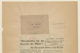 Recuerdos de un cuarto de siglo [artículo] / Aurelio Maldonado U. La Tarde (Diario : Santiago, Chile)-- abr. 6, 1966. .
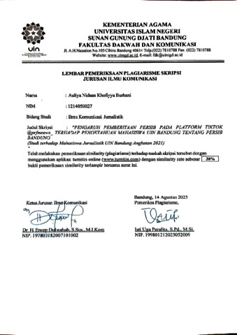 Burhani, Auliya Nidaan Khofiyya (2025) Pengaruh pemberitaan persib pada Platform Tiktok @prfmnews_ terhadap pengetahuan mahasiswa UIN Bandung tenang informasi persib Bandung : Studi terhadap mahasiswa jurnalistik UIN Bandung angkatan 2021. Sarjana thesis, UIN Sunan Gunung Djati Bandung.
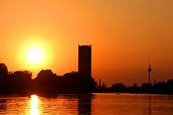 The Straße des 17. Juni, connecting the Brandenburg Gate and Ernst-Reuter-Platz, serves as a central East-West axis. Situated in the western part of the city, its name commemorates the uprisings in East Berlin of June 17, 1953.[32] Approximately half-way from the Brandenburg Gate is the Großer Stern, a circular traffic island on which the Siegessäule ("Victory Column") is situated. This monument, built to commemorate Prussia's victories, was relocated from its previous position in front of the Reichstag in 1938 by the Nazis.[33]
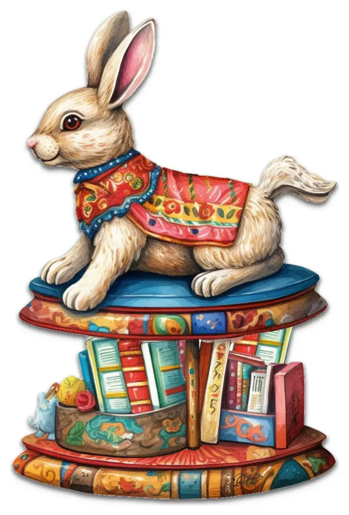 Carousel Bunny With Books Holiday Door Decor Christmas Decor
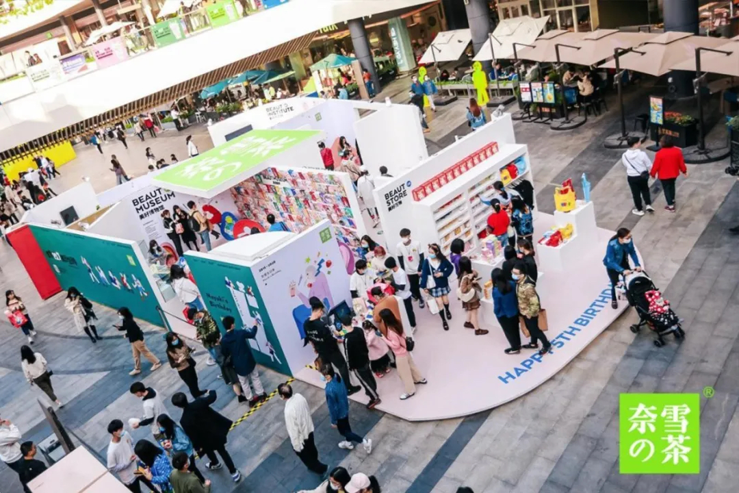 深諳“造節(jié)即造勢(shì)”之道的奈雪,在有“奶茶之都”稱號(hào)的深圳開出了一個(gè)巨型奈雪杯的快閃店。這個(gè)酷似“五房兩廳的奈雪奶茶”,一開便率先在奶茶圈引發(fā)熱議,吸引眾多粉絲前來打卡觀賞。
= = = = =
- Required work -
Nothing but the lines from the start of the records above through the line with "Burhani, Auliya Nidaan" should be retyped, each exactly as written; leave out all pictures.

- Finished task -
 Recuerdos de un cuarto de siglo [artículo] / Aurelio Maldonado U. La Tarde (Diario : Santiago, Chile)-- abr. 6, 1966. .
 Burhani, Auliya Nidaan Khofiyya (2025) Pengaruh pemberitaan persib pada Platform Tiktok @prfmnews_ terhadap pengetahuan mahasiswa UIN Bandung tenang informasi persib Bandung : Studi terhadap mahasiswa jurnalistik UIN Bandung angkatan 2021. Sarjana thesis, UIN Sunan Gunung Djati Bandung.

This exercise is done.